Nineteen jurisdictions (18 states + DC) offer some form of retail electricity choice, allowing commercial buyers to shop for competitive supply rates. However, market structure dramatically affects your options:

  • Fully deregulated (active competition): Texas (ERCOT territory), Pennsylvania, Ohio, Illinois, and Maryland offer robust retail markets with dozens of competing suppliers. Commercial buyers in these states can often negotiate rates 5–15% below the default utility rate through fixed-price or indexed contracts.
  • Deregulated with constraints: Connecticut, Massachusetts, New Hampshire, and Rhode Island offer choice but have fewer competitive suppliers. ISO-NE’s $921M DASI cost overrun is adding non-bypassable charges that erode the savings from competitive supply.
  • Limited or capped choice: California restricts Direct Access; Michigan caps competitive supply at 10% of utility load (waitlisted); Virginia generally limits choice to loads >5 MW.
  • Regulated (no choice): States like North Dakota, Louisiana, Idaho, and Utah have low rates precisely because they are vertically integrated — but commercial buyers cannot shop for alternatives when rates rise.

Regional Market Drivers: What’s Moving Rates in Your ISO/RTO

PJM (PA, NJ, MD, OH, VA, IL, IN, DE — 13 states + DC)

The $329/MW-day capacity price taking effect June 2026 is the single largest near-term rate driver for commercial buyers in the eastern half of the US. PJM’s Independent Market Monitor reports total wholesale costs surged 49% in 2025, with capacity costs spiking 262%. Commercial buyers on pass-through contracts should expect billings to reflect this starting in June.

ERCOT (Texas)

Texas commercial rates remain below the national average at ~11.68¢/kWh thanks to abundant natural gas and 14 GW of new battery storage.
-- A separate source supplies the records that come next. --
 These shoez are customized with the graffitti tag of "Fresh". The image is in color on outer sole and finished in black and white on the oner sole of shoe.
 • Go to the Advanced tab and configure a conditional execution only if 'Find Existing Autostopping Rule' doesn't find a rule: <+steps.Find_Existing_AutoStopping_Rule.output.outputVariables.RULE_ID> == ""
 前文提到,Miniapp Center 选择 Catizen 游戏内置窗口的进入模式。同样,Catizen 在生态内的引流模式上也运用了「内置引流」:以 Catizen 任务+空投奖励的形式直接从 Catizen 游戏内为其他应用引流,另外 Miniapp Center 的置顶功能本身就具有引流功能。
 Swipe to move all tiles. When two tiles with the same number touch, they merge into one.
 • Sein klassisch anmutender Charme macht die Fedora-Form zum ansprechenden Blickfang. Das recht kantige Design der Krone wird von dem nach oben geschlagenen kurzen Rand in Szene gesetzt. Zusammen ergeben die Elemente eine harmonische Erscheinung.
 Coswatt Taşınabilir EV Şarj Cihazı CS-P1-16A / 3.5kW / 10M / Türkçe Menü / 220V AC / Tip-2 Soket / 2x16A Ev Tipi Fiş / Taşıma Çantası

However, 40+ GW of data center interconnection requests threaten to overwhelm the grid. The 4CP transmission charge structure means summer peak management is critical for controlling commercial costs.

ISO-NE (New England — MA, CT, NH, RI, ME, VT)
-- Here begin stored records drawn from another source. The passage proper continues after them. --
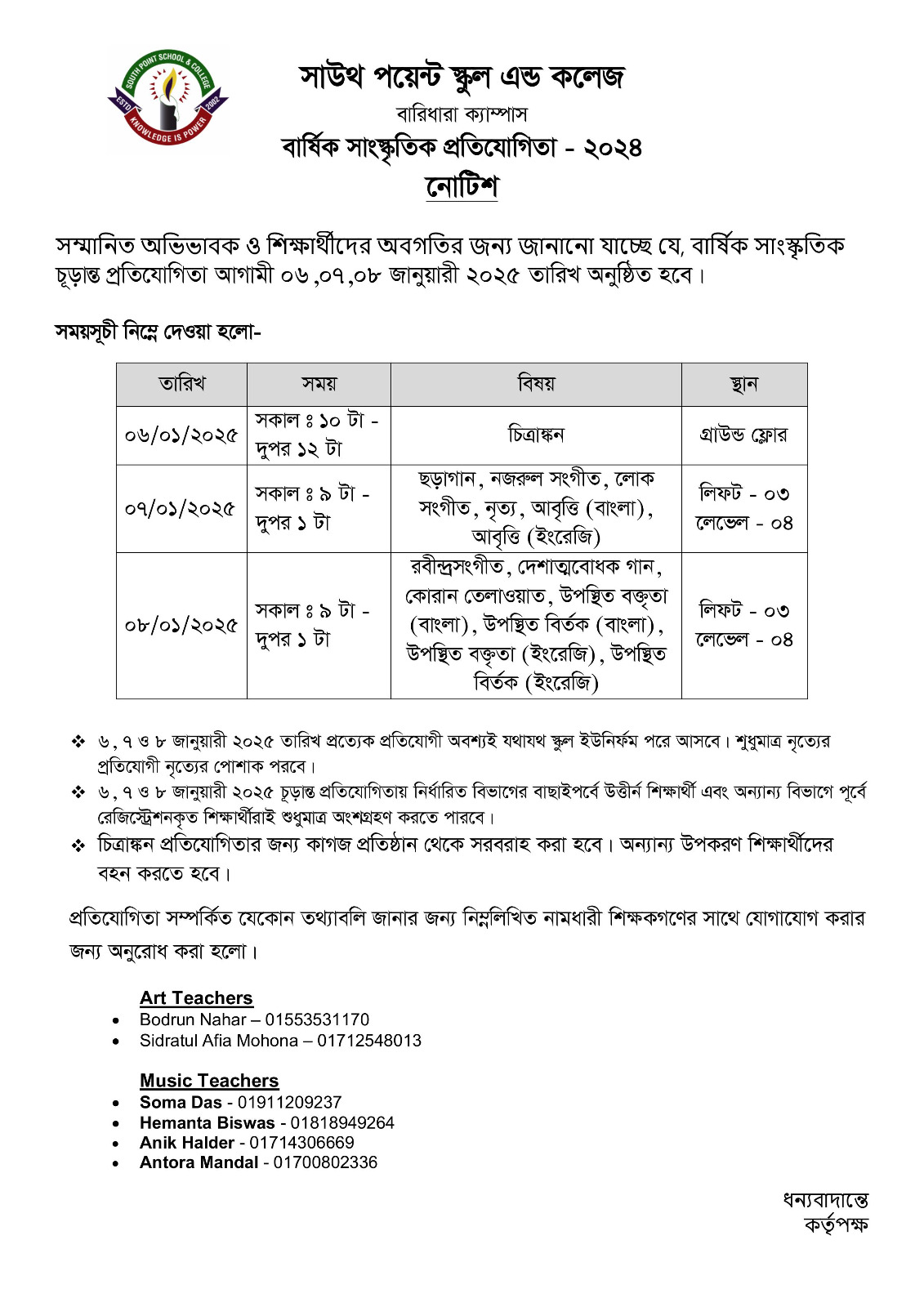 Notice for Annual Cultural Competition-2024
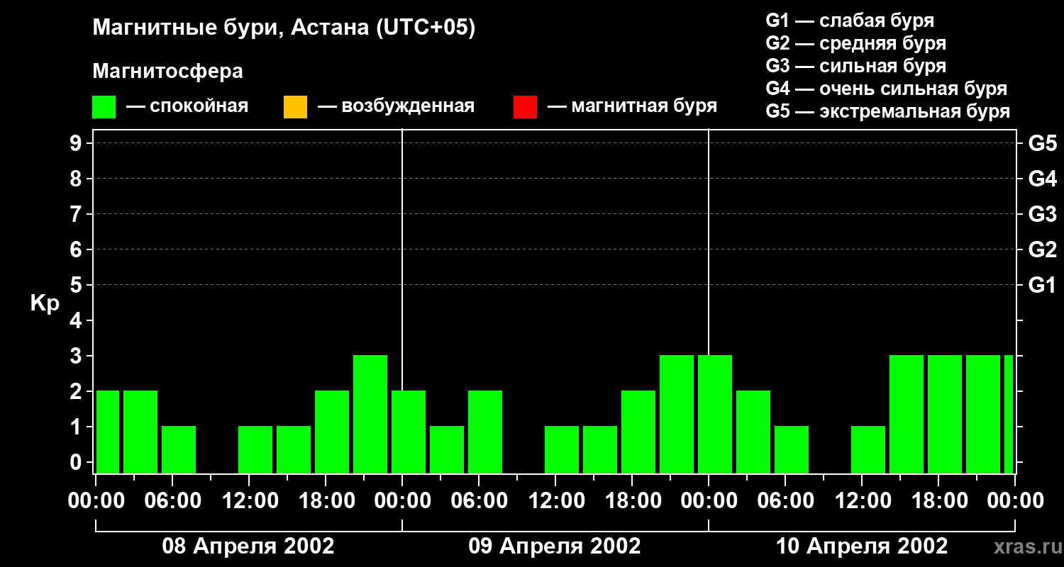 Изменения геомагнитного индекса Kp с 8 по 10 апреля 2002 года для средних широт
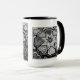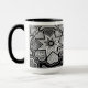 Chic FolkArt-inspirerade svarta och vita mugg med en intrikat mönster av hjärtan och stjärnor. Underbar för alla tillfälle. En del av "Hearts Fullt of Kärlek"-samlingen.
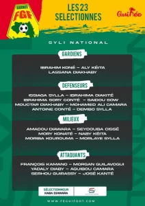 Football : Kaba Diawara dévoile la liste des 23 joueurs du Syli national qui vont affronter l’Égypte et le
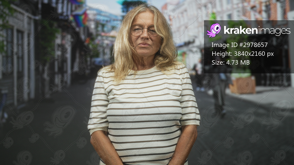 Senior woman wearing glasses and a striped shirt with head bowed and hands clasped on a street lined with cafes; quiet reflection.
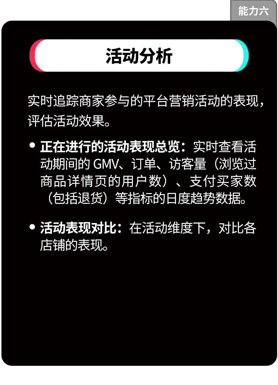 • 集团视角数据总览:一站式查看多个店铺的核心业绩指标(GMV、订单、买家数),快速掌握集团整体经营状况。
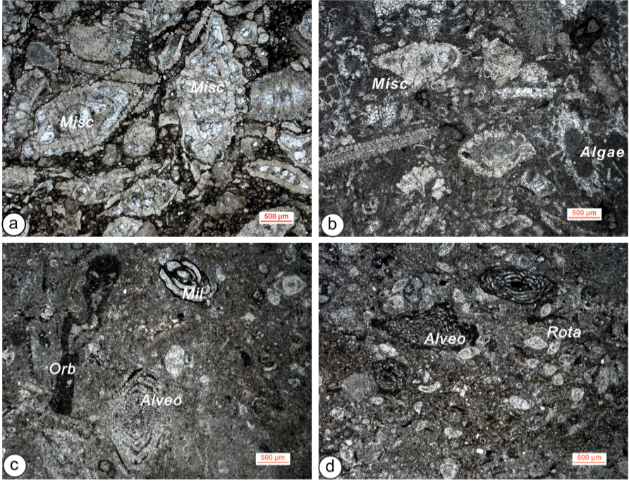 图6 西藏定日地区申克扎剖面典型微相显微照片, a-b)为PETM事件之前、PETM起始及core阶段; c-d)为PETM事件恢复阶段。其中a-b)分别为Nummulitids 砾屑灰岩、Green algae-Nummulitids 泥粒灰岩; c-d)分别为Miliolids-Alveolina 粒泥灰岩、Rotalia-Alveolina 泥粒灰岩
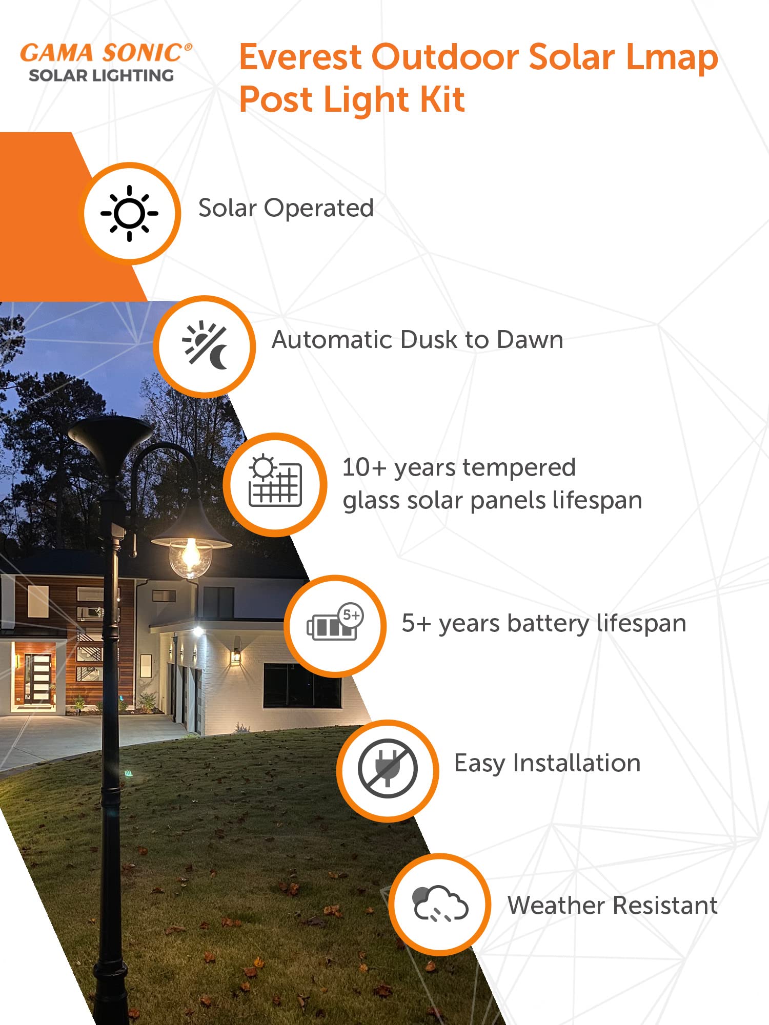 NO WIRING OR COMPLICATED HOOKUPS. No electrical wiring is required for installation, making this Gama Sonic solar outdoor light the perfect light to install while offering a cost and energy efficient alternative to gas and electric outdoor lighting
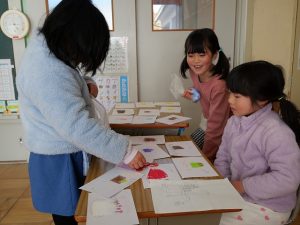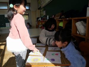 「いらっしゃいませ~!」という元気いっぱいの声が教室に響き渡り、1年生のお店屋さんごっこが始まりました。子どもたちは、体験活動を通して生き生きと学習に取り組んでいました。国語科「ものの名前」の学習で準備したたくさんの商品を机いっぱいに並べ、算数科「100までの数」で学んだことを生かしながら、楽しそうに買い物をしていました。お金の組み合わせを考え、おつりが出ないように工夫しながら買い物をする姿からは、数をただ見るだけでなく、実際の生活場面の中で自然に理解を深めている様子がうかがえました。友だちとのやりとりを楽しみながら学ぶ子どもたちの表情はとても輝いており、学ぶことの楽しさが伝わってくる時間でした。
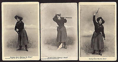 Cowboy Girl Circa 1907 Three cards Not in best condition

New England commercial rates are among the highest in the nation due to pipeline-constrained natural gas supply. Winter 2025/2026 was the most expensive in ISO-NE wholesale market history at $6 billion. Real-time LMPs have spiked above $195/MWh as recently as March 19, 2026.

NYISO (New York)

New York commercial rates average 19.03¢/kWh — 35% above the national average. Con Edison’s 3.5% rate hike compounds the pressure, and NYISO projects a 650 MW summer capacity shortfall. NYC businesses paying Zone J nodal prices face the highest exposure.

MISO (Midwest — IL, IN, MI, WI, MN, IA)

MISO commercial rates remain relatively affordable in the Midwest, but the 2026/27 PRA reveals a 1.9 GW capacity gap, and DR verification tightening could widen it. Results April 28 will signal whether Midwest capacity costs follow PJM’s trajectory.
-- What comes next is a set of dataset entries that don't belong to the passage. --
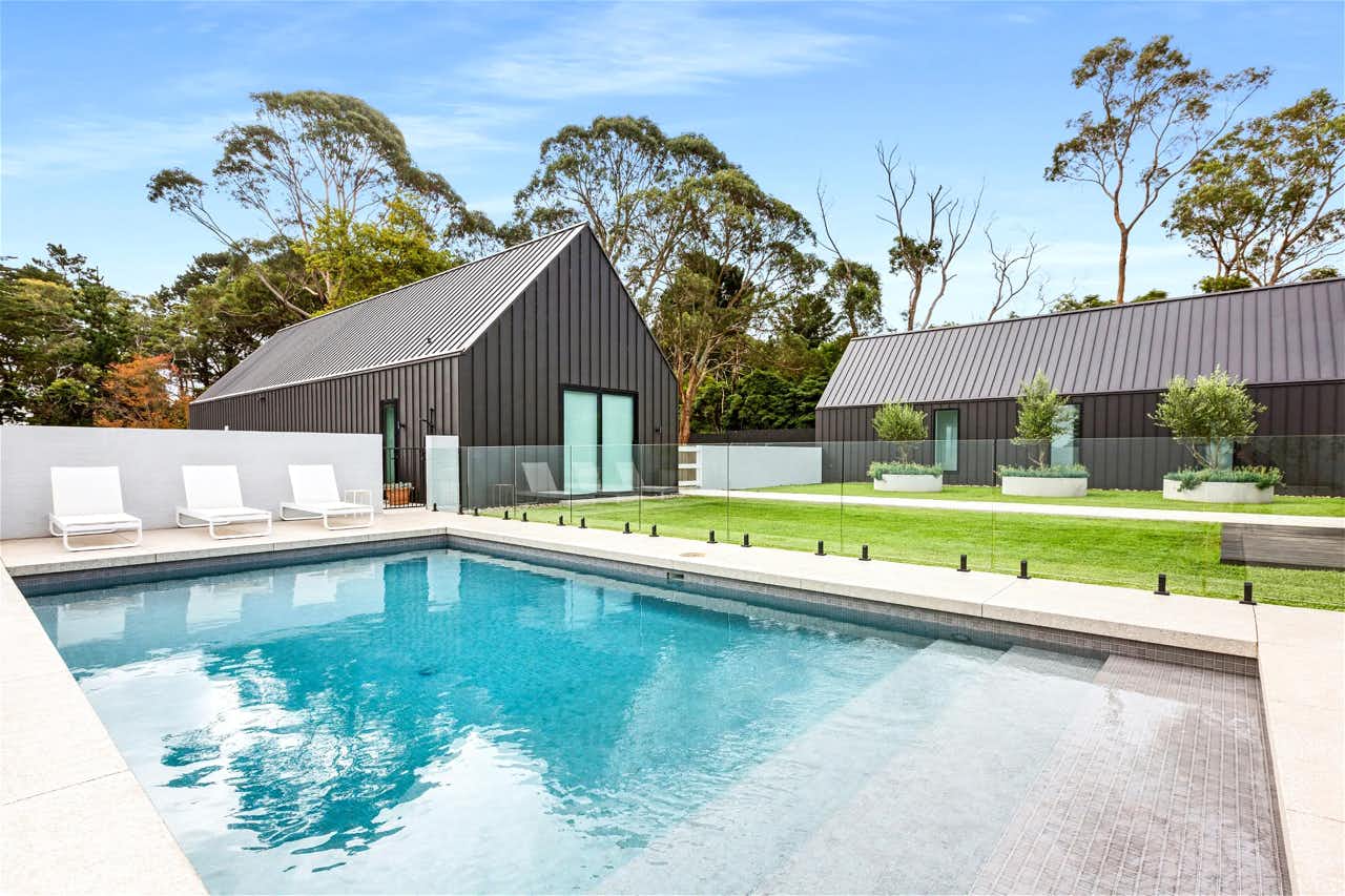 Sitting on around ten acres, where Western Port Bay meets the countryside, is this striking pavilion style home. Langhaus is enveloped in black, with white and timber accents, fusing Scandinavian architecture and modern design elements, the epitome of uncomplicated and superb coastal living. Multiple sliding doors lead to the terrace and outdoor living area. The covered outdoor area and the glamorous pool provides the perfect place to unwind. A fireplace, dining table and lounge encourage lazy days no matter the weather. Embrace the sun and watch the ocean sparkle from the terrace, while the vast lush lawns are ideal for an evening of star gazing. || Minimum 4 hour bookings at $1000/hr - message for more information ||
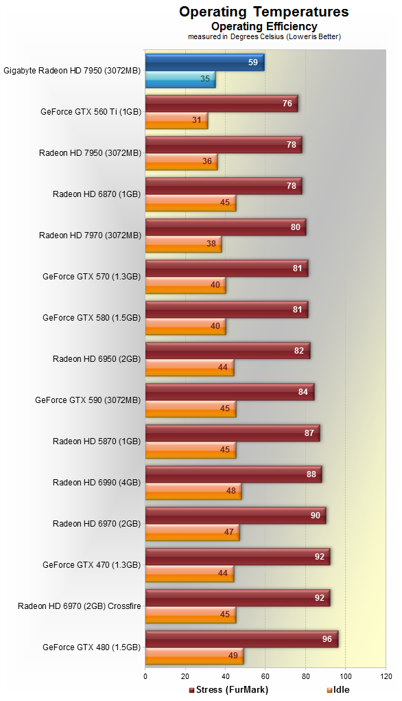 О карточке от Gigabyte говорится, что она на 10% быстрее эталонной. А в разгоне даже без повышения напряжения на ядре, HD 7950 получает уровень производительности равный, а в некоторых случаях и превосходящий, HD 7970. Кулер показал себя отлично - работал тихо, а t° держал невысокую.
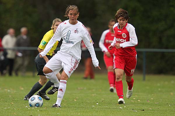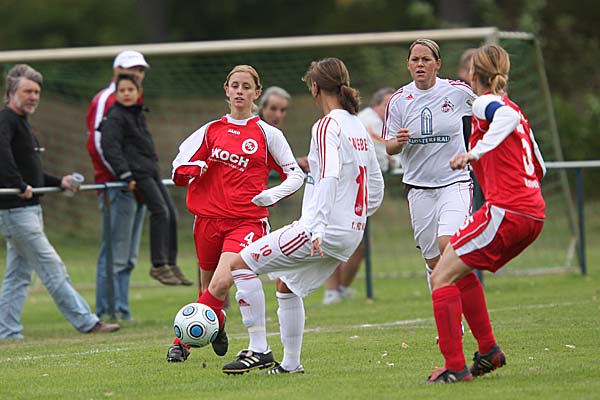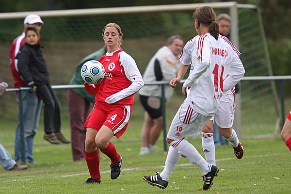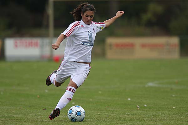 Akteurinnen in den roten Trikots einfach zu wenig. Schnell erhöhte sich auch wieder der Druck auf das Tor der Gastgeberinnen, insbesondere zwei Torchancen nach Pässen von der starken Patricia Hanebeck aus dem Mittelfeld vor der 20. Minute waren dabei zu nennen, allerdings vergaben Sonja Fuss, Yvonne Zielinski und Defterli
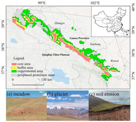 The QMNNR (97°23′34″~103°45′49″N, 36°29′57″~39°43′39″E), spanning a total area of 2.65 × 104 km2, was established by the State Council of the People’s Republic of China in 1988 (Figure 1). The total area of the reserve is approximately 2.65 × 104 km2, which is divided into the core area (5.05 × 103 km2), buffer area (3.87 × 103 km2), and experimental area (1.09 × 104 km2). The reserve encompasses diverse ecological resources, including forests, meadows (Figure 1a), rivers, and glaciers (Figure 1b), and boasts rich biodiversity. Most of the reserve is situated at elevations ranging from 3000 to 3500 m above sea level, with an average annual rainfall of approximately 350–500 mm, primarily occurring between June and September. The Qilian Mountains serve as an ecological security barrier and a critical area for biodiversity conservation in the Hexi Corridor. Significantly, environmental challenges, including grassland degradation (Figure 1a), glacier melting (Figure 1b), and soil erosion (Figure 1c), within the reserve have escalated [26,27].
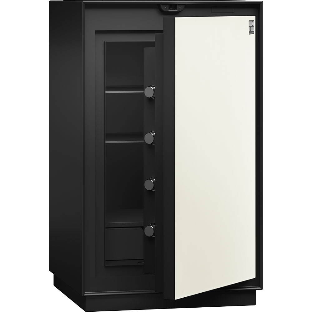 堂々と隠さず見せる!凛とした佇まいの高級感溢れるプレミアム金庫が登場しました。直線的なフォルムの美しさ、最先端のテクノロジー、耐火性能に加え防盗対策も兼ね備えた上級クラスの金庫です。指紋認証/タッチパネル式テンキーの便利な2WAYロックシステム。扉の4方向全てに直径は32mmのカンヌキを計12本装備。リロッキング機能と三層構造の扉など、米国UL防盗テストの基準をクリアした高い防犯性能。6種の豊富な素材とカラーからお選び下さい。

Action Items for Commercial Electricity Buyers

  • PJM territory (June 2026 deadline): Lock in supply contracts before the $329/MW-day capacity cost flows through. Pass-through contracts will see immediate impact on June 1.
  • Deregulated states: Request competitive bids from at least 3 Retail Electric Providers. Compare fixed vs. indexed structures. Use our Savings Calculator to model scenarios.
  • Load flexibility: Enroll in demand response programs — PJM, NYISO, and ERCOT all offer revenue streams for curtailable commercial loads. See our Demand Response Hub.
  • Budget forecasting: Build a 10–15% rate increase buffer into 2026/2027 energy budgets, rising to 15–20% for PJM-territory facilities.